» DATASET SECTION:
--------

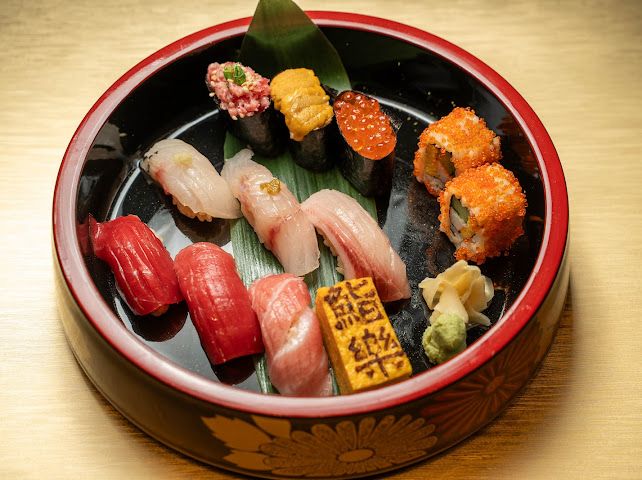 由師傅精選當日最優質食材匠心打造,集合了 10 款風味各異的握壽司與卷物,包括油脂分佈均勻的中拖羅、赤身鮪魚、入口即化的海膽、晶瑩剔透的三文魚籽、鮮香細膩的白身魚、炙燒銀魚、招牌厚燒玉子等。配以新潟越光米赤醋飯,鹹鮮適中,口感層次分明。
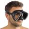 MASQUE EN SILICONE AVEC VERRES SÉPARÉS ET INCLINÉS VERS LE BAS : assemblé avec des matériaux et des méthodes dédiés aux masques haut de gamme et techniques.
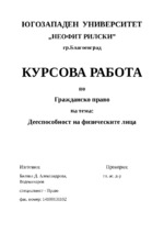 В увода се започва с разяснения относно „физическите лица“, „правосубектността“ и „правоспособността“. След това се пристъпва към основната тема на курсовата работа – дееспособността и първоначално към нейното определение...

--------

» ASSIGNMENT: Repeat the listing above word for word and leave its images out.

» RESULT OF THE TASK:
 由師傅精選當日最優質食材匠心打造,集合了 10 款風味各異的握壽司與卷物,包括油脂分佈均勻的中拖羅、赤身鮪魚、入口即化的海膽、晶瑩剔透的三文魚籽、鮮香細膩的白身魚、炙燒銀魚、招牌厚燒玉子等。配以新潟越光米赤醋飯,鹹鮮適中,口感層次分明。
 MASQUE EN SILICONE AVEC VERRES SÉPARÉS ET INCLINÉS VERS LE BAS : assemblé avec des matériaux et des méthodes dédiés aux masques haut de gamme et techniques.
 В увода се започва с разяснения относно „физическите лица“, „правосубектността“ и „правоспособността“. След това се пристъпва към основната тема на курсовата работа – дееспособността и първоначално към нейното определение...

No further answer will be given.